Two Pieces for Orchestra
I have always been interested in art which crosses boundary lines and refuses to be easily classified, despite a singular lack of ability in any art but music. Painted Words is a tribute to two examples of such art.
The first movement, “Sweetly inhuman voices from a distant star” is inspired by one of a series of paintings by Robert Rauschenberg, for which the avant-garde novelist William S. Burroughs, Jr., contributed a number of phrases, coined especially for the occasion. In addition to using the phrases as titles for the paintings, Rauschenberg incorporated the words into the paintings themselves, so they become a physical part of the finished work of art.

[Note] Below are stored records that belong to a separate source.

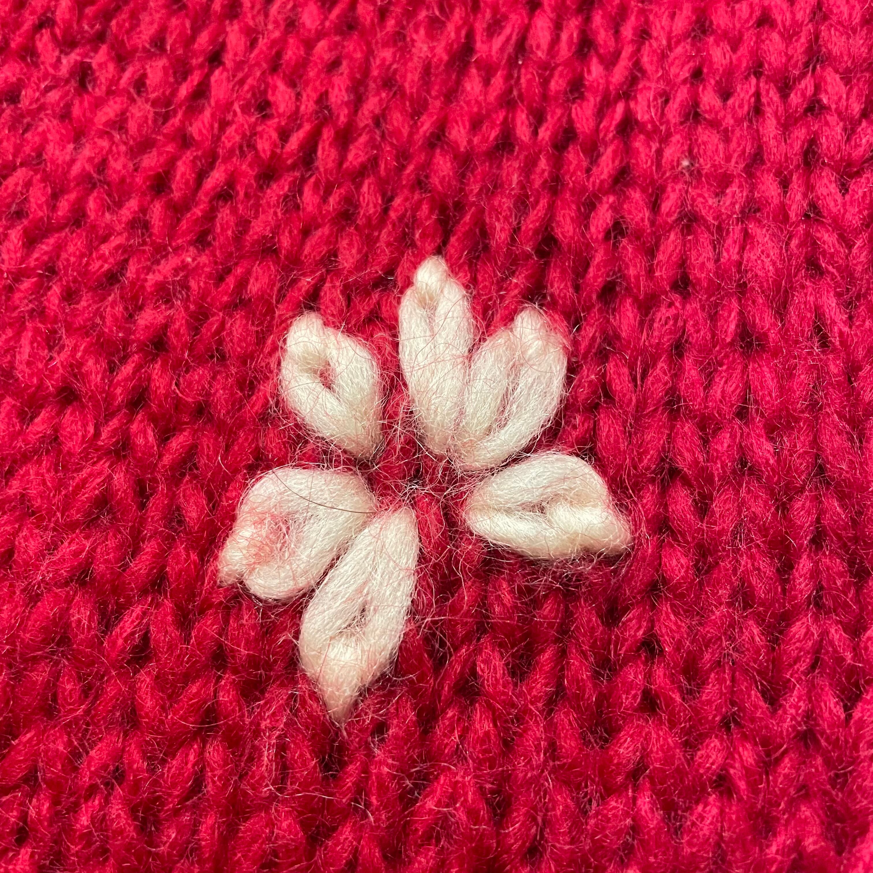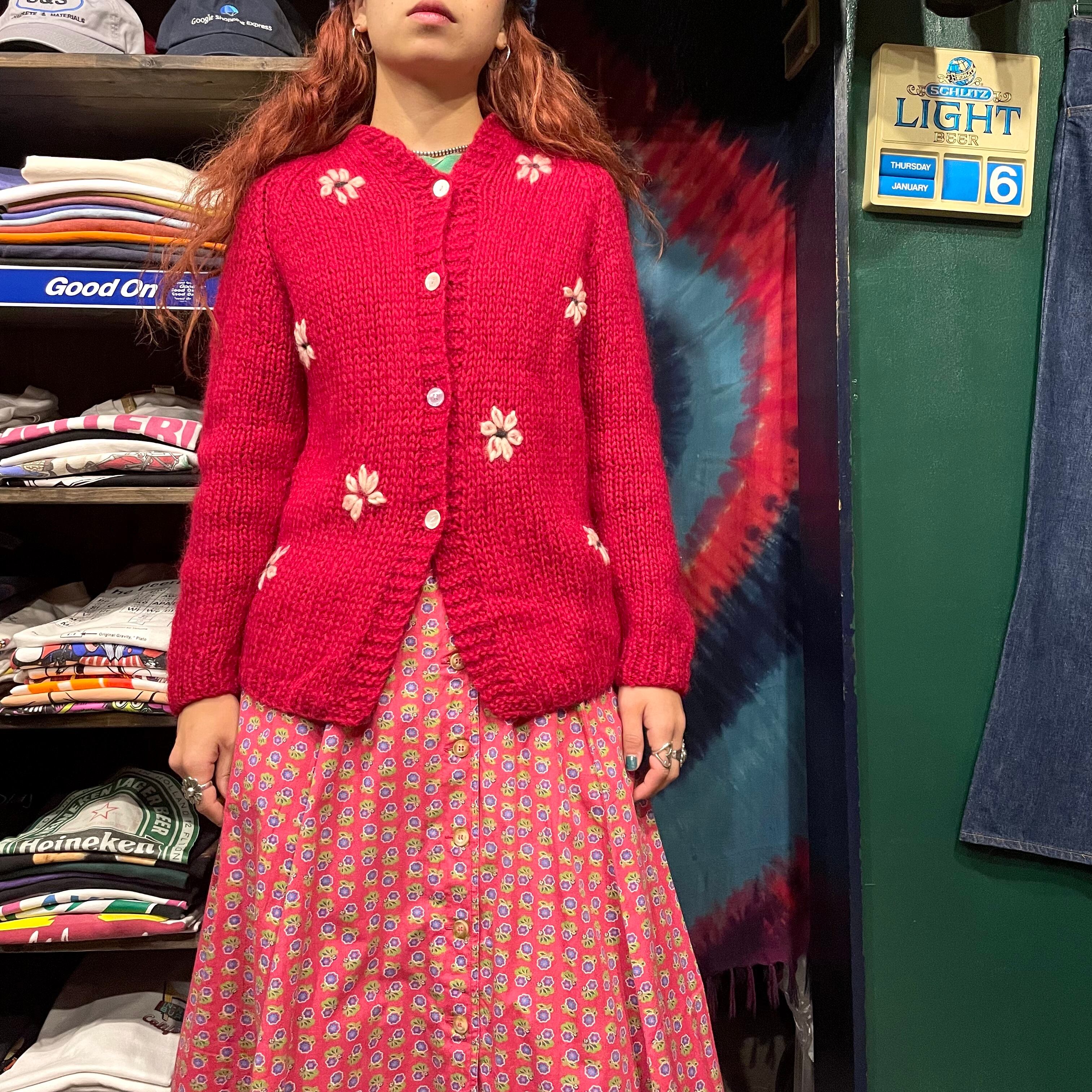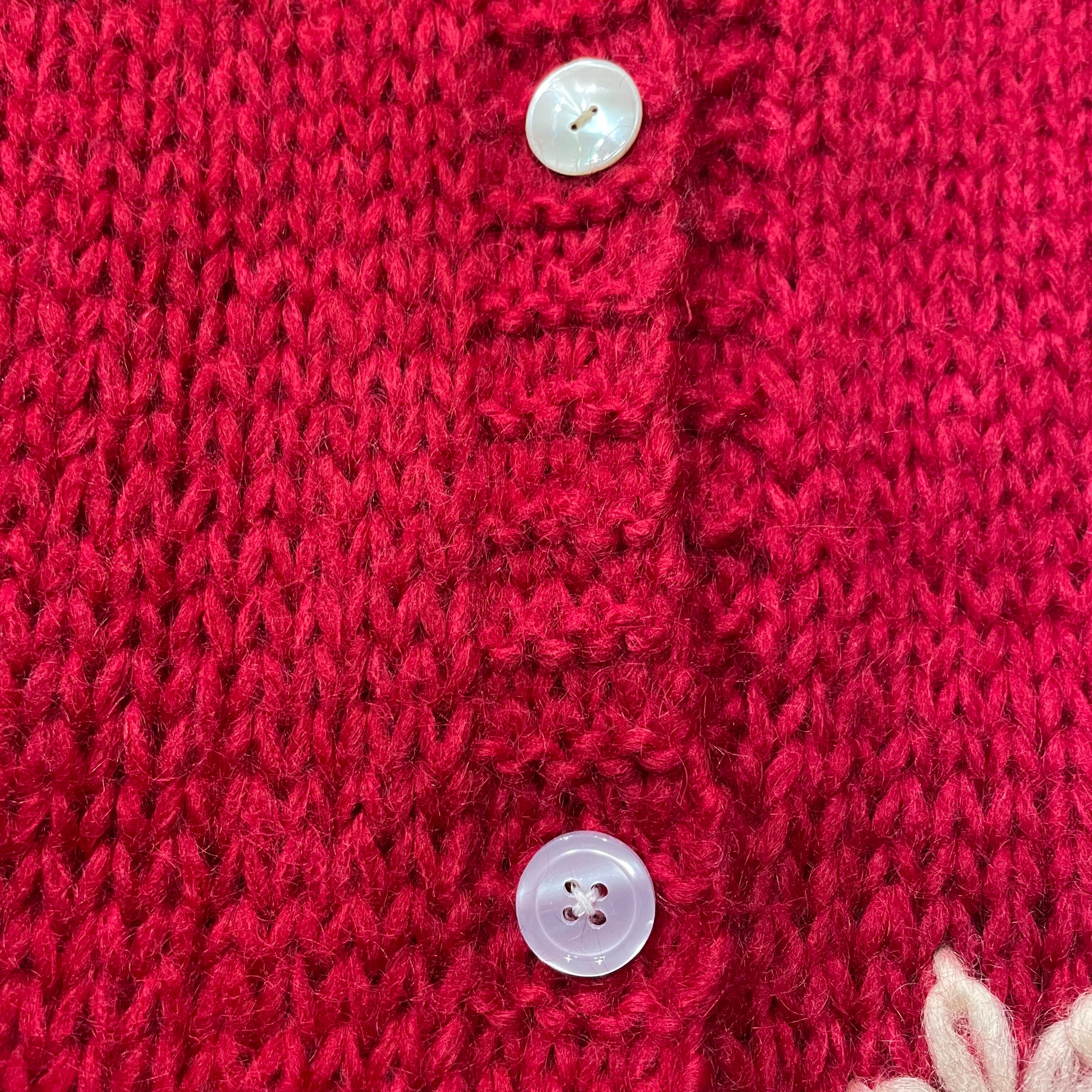 緩い手編みの雰囲気がかわいいカーディガンです。やや深みのある赤に白いお花が映えてシンプルながら印象的な一着です。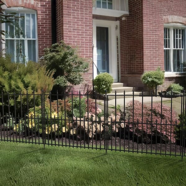 Empire 29 in. H x 36 in. W Black Steel 3-Rail Fence Panel (4-Pack)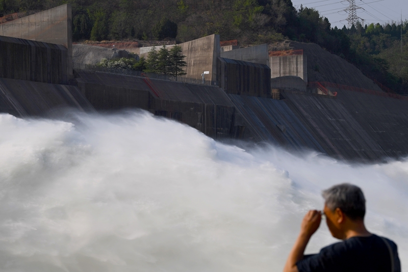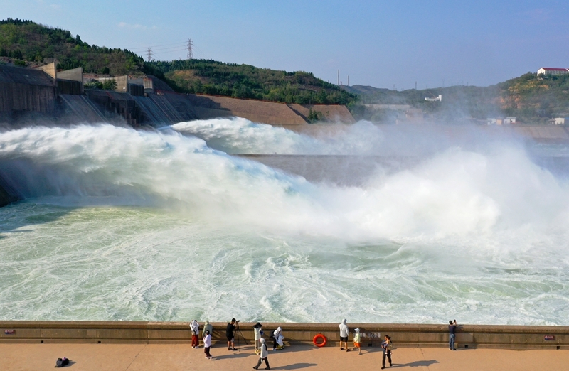 6月23日,游客在小浪底水利樞紐工程出水口觀看調(diào)水調(diào)沙。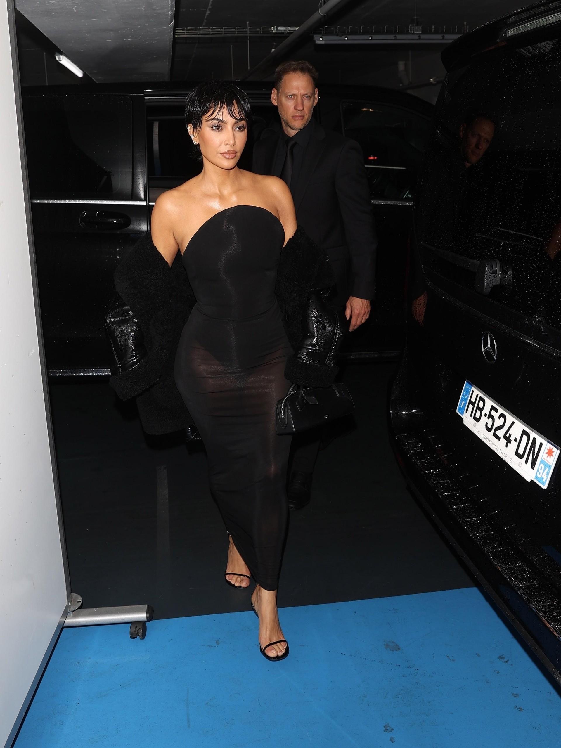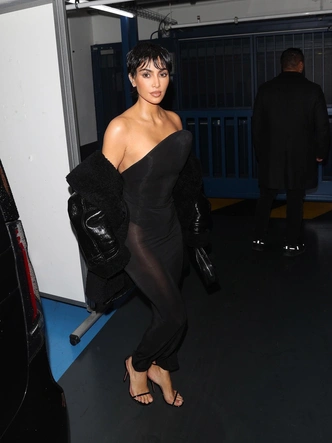 Ким появилась на улицах Парижа, чтобы посетить показ бренда Alaia, который прошел в рамках французской Недели моды. В качестве образа она выбрала тотальный черный: черное платье без бретелек с корсетным топом, сандали на ремешках и черную овчинную шубу (читайте также: 10 фото самой милой королевской пары (нет, это не Кейт Миддлтон и принц Уильям).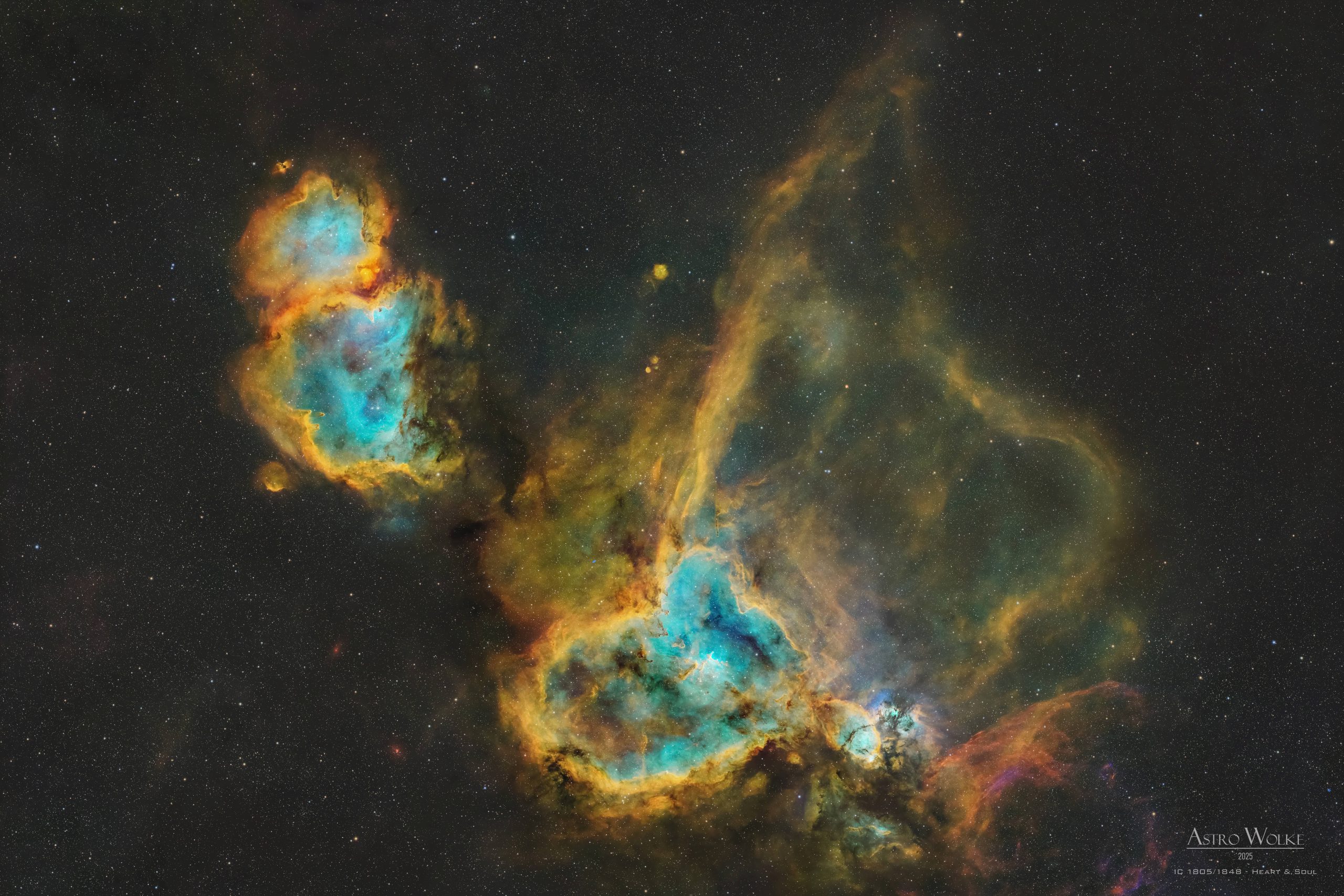 In the constellation Cassiopeia, about 7,500 light-years from Earth, lie two impressive star-forming regions: the Heart Nebula (IC 1805) and […]

The great mystic poet, William Blake, was also a fine visual artist. Many of his poetic and religious works were originally published by him in unique editions for which he hand-engraved the texts, printed them, and then water-colored the resulting pages individually before binding, so that the finished work is something much more than just a book of poetry or philosophy, but yet something very different from a conventional painting or water-color. “Energy is eternal delight” is a line from one such work, The Marriage of Heaven and Hell.
The individual titles were chosen simply because they intrigued me and I felt I could do something interesting with them musically. The movements do not in any way pretend to be interpretation of or commentary on the earlier works of art, but are simply the music that the phrases suggested to me. Accordingly, the first movement is quiet, hushed and mysterious, employing many unusual tone colors, and the second movement is fast and brilliant, with sudden changes of dynamics and instrumentation, and a virtuoso flourish or two for the percussion section.
The first performance of Painted Words was given by the University of Louisville Symphony Orchestra under the direction of Kimcherie Lloyd on 27 April 1997. It was subsequently presented at the International Contemporary Music Festival in Havana, Cuba, in October of the same year.